“Mia moglie Maria Teresa prende 250 euro di pensione. E così supera il limite di reddito perché una persona possa essere a carico del coniuge”. Ezio, 77 anni, ci prova da quando la moglie non lavora più a sbloccare la situazione. Perché se la compagna non è a suo carico, non può detrarre le medicine che deve prendere ogni mese. Tutto è a norma di legge, ma sono proprio le norme a ingarbugliarsi l’una sull’altra e a rendere complicata questa vicenda. Pensioni, incapienza e assegno familiare sono i protagonisti della storia. “La nostra posizione per lo Stato non esiste. Sto cercando di fare rete anche grazie al sindacato. Per ora non ho risolto nulla. E sono già passati 14 anni”.

Se 250 euro sono troppi – “Non è solo per i soldi, è una questione di principio che non mi dà pace. E non sono l’unico a trovarmi in questa posizione”, chiarisce Ezio, che vive in provincia di Parma. La pensione di Maria Teresa, 3.250 euro all’anno, supera i 2.840 euro, il tetto massimo per cui una persona può essere considerata a carico del partner. In gioco ci sono meno di 400 euro, che hanno però conseguenze non trascurabili per due pensionati: “Siccome mia moglie non è a mio carico, non posso prendere gli assegni familiari, circa 80 euro al mese” – spiega – “E non posso detrarre le medicine di cui mia moglie ha bisogno”.

Maria Teresa ha subito un trapianto della cornea ed è diabetica: alcuni farmaci sono passati dallo Stato, ma non tutti. “Quando nel 2019 il governo ha innalzato la soglia massima per essere considerati a carico per quanto riguarda i figli, mi sono illuso che potesse cambiare qualcosa anche per i coniugi”, racconta. Poi però il tetto è stato portato a 4.000 euro solo per i ragazzi al di sotto dei 24 anni. Lo Stato, quindi, ha implicitamente riconosciuto che 2.840 euro siano pochi, ma ha escluso dall’innalzamento della cifra i pensionati come Ezio e Maria Teresa. “Questo limite è fermo da più di 20 anni: basterebbe alzarlo di poco per adeguarlo anche al costo della vita, come è già stato fatto in diversi altri ambiti”, ragiona Ezio.

La moglie non può chiedere l’integrazione per la pensione minima: il reddito coniugale è troppo alto. Il marito può contare su una buona somma che ogni mese gli viene corrisposta per aver lavorato tutta la vita come insegnante: 1.700 euro netti, da dividere però in due e che devono coprire anche le spese per la salute di Maria Teresa.
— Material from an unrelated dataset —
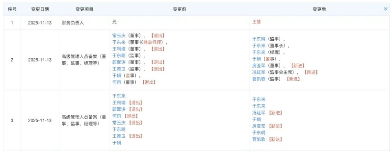 此次調整還涉及多位核心高管,常玉慶、王利增、郭軍濤、王德衛、何雨五位董事退出,新增房亞軍為董事,馮延軍任監事會主席,王慧任財務負責人,菅凱歌任監事。
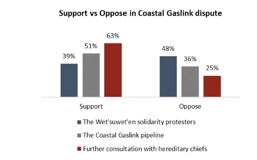 根据安格斯·里德研究所进行的一项民意调查,五分之二的加拿大人表示支持抗议者,但略微多数人支持海岸天然气链接项目本身。

A 77 anni in manifestazione – Maria Teresa si trova anche in un altro limbo: con 250 euro al mese di pensione, frutto di 15 anni di contributi Inps versati come impiegata, si è considerati incapienti. Ben al di sotto degli 8.500 euro annui della no tax area: non dovendo pagare le imposte, non può nemmeno lei detrarre i farmaci che ogni mese le servono. Insieme con il marito ha provato a rivolgersi prima alla Cisl, poi alla Cgil: “È una questione di forza e di numeri, spesso il sindacato giustamente si occupa di temi più gravi e che riguardano ancora più persone”, sottolinea Ezio.

“Sarà un problema riuscire ad arrivare a una soluzione: i politici non si interessano molto a questo genere di questioni”. Fabrizio Bona, sindacalista Cgil che segue i pensionati in provincia di Parma, non si fa illusioni. “Sono diversi gli elementi contrastanti nella storia: dalle pensioni agli assegni familiari”, argomenta. Ma proprio perché tutto è a norma di legge, fare rivendicazioni sindacali e trasformare la storia di Ezio in un caso pilota è complesso: “Noi però continuiamo a provarci”, taglia corto, senza nascondere che “ci sono diversi casi come quello di Maria Teresa”. Non per questo, però, neanche Ezio si perde d’animo: “Sono andato in manifestazione a Roma con il mio cartello in mano, ma evidentemente le priorità della politica sono altre”, conclude.